#### EXERCISE
Please retype the entries below exactly, only from their first line through the line containing "Schöne Servietten für", leaving every picture out.

#### DATASET RECORDS
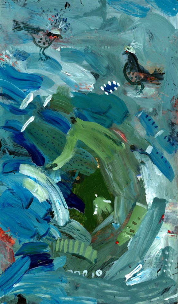 Bird Conversation | 5″ x 7″ Acrylic on Postcard
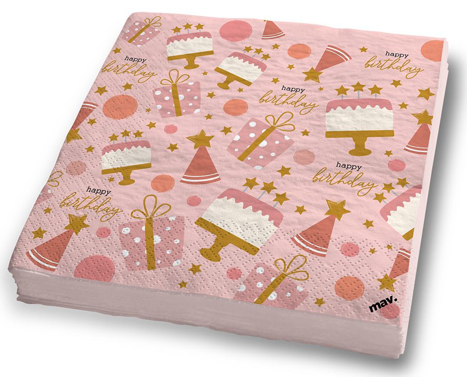 Schöne Servietten für eine Geburtstagsparty mit dem Aufdruck "Happy Birthday" und einem Torten-Motiv.
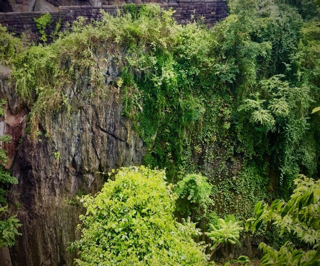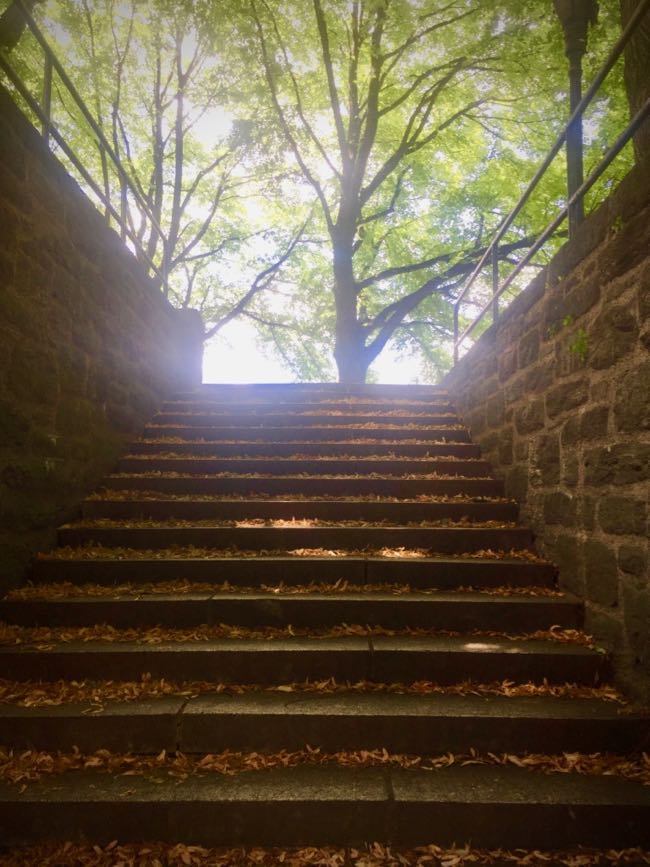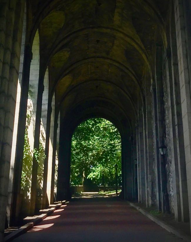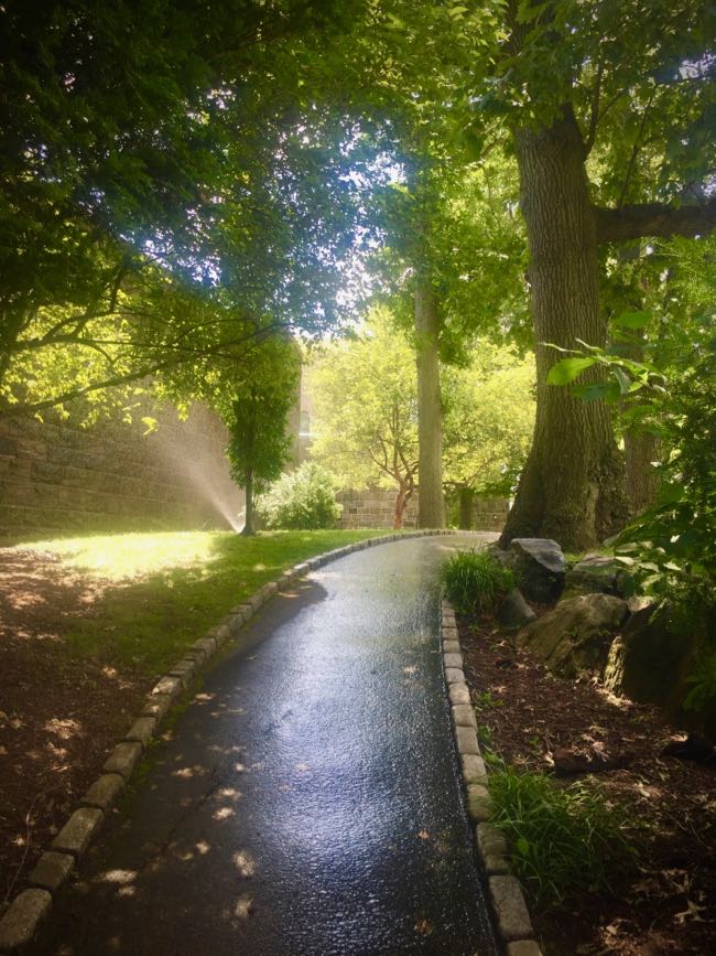 There’s also a nearby spot that, every time I pass through, I feel transported back to youth. It’s a garden area, shaded almost entirely by trees and shrubs and a museum wall, with a triangle of lightly trafficked paths connecting the rear of the museum to that cobblestone driveway out front. I have no idea how to capture it on camera.
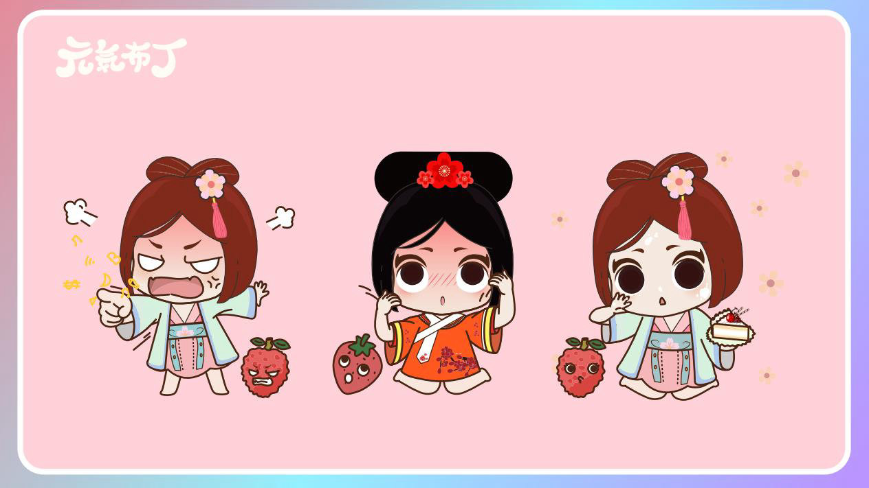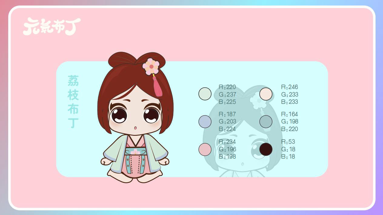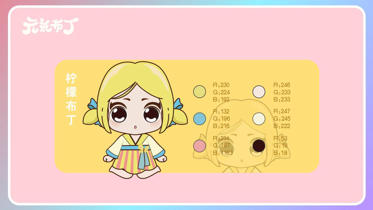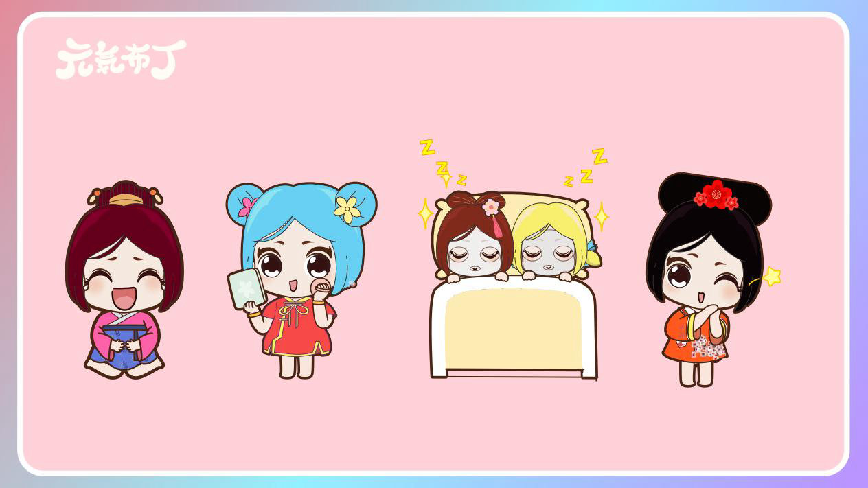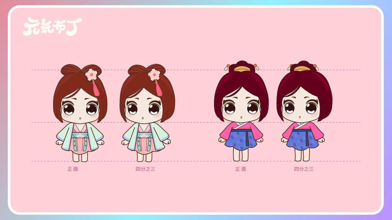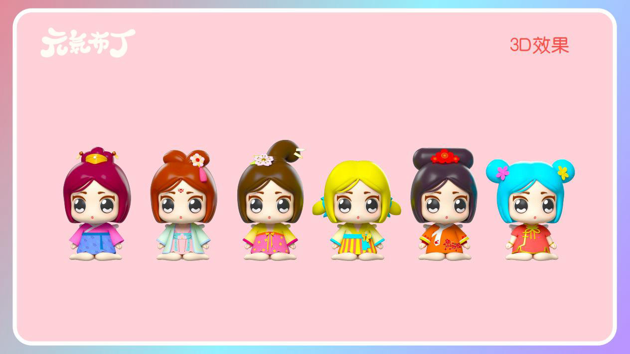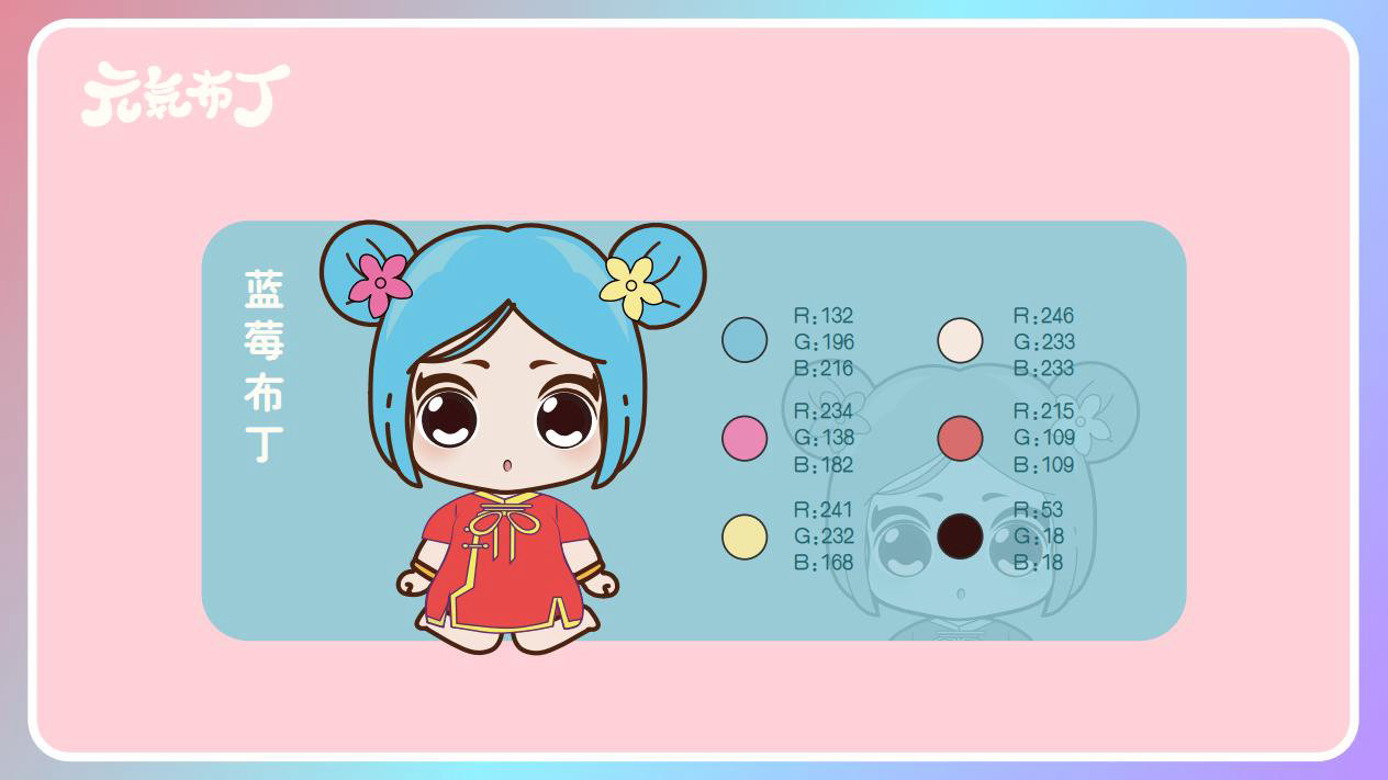 元気布丁是由六个头身比接近1:1的Q版卡通形象组成的女生组合,蛾眉杏眼、樱桃小嘴,身穿中国古代传统服饰。整体配色鲜艳丰富,象征着少女的活力和元气;表情呆萌,惹人喜爱。目前共有六个形象,分别身着秦朝、汉朝、唐朝、宋朝、清朝、民国时期的服装,配以不同的发型和发饰。
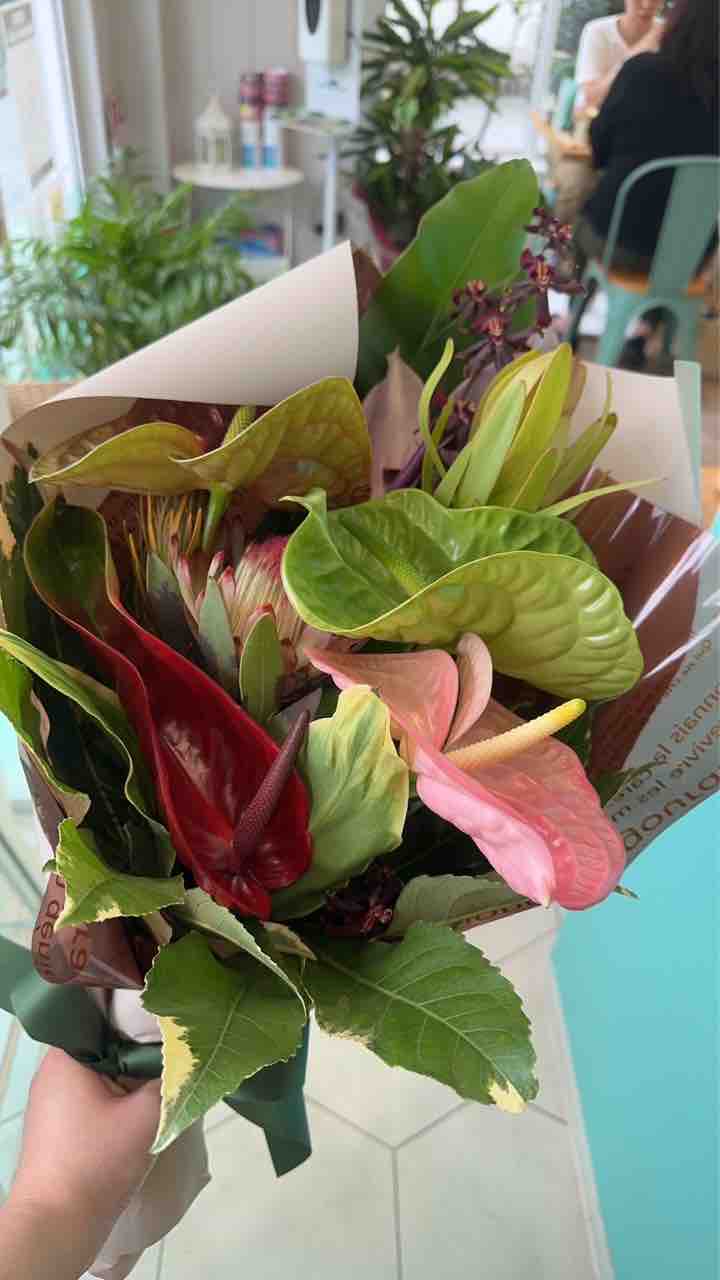 私がよく行くモラージュのお花やさんの店員さんがお花をくださったそうです。

#### ANSWER AREA
 Bird Conversation | 5″ x 7″ Acrylic on Postcard
 Schöne Servietten für eine Geburtstagsparty mit dem Aufdruck "Happy Birthday" und einem Torten-Motiv.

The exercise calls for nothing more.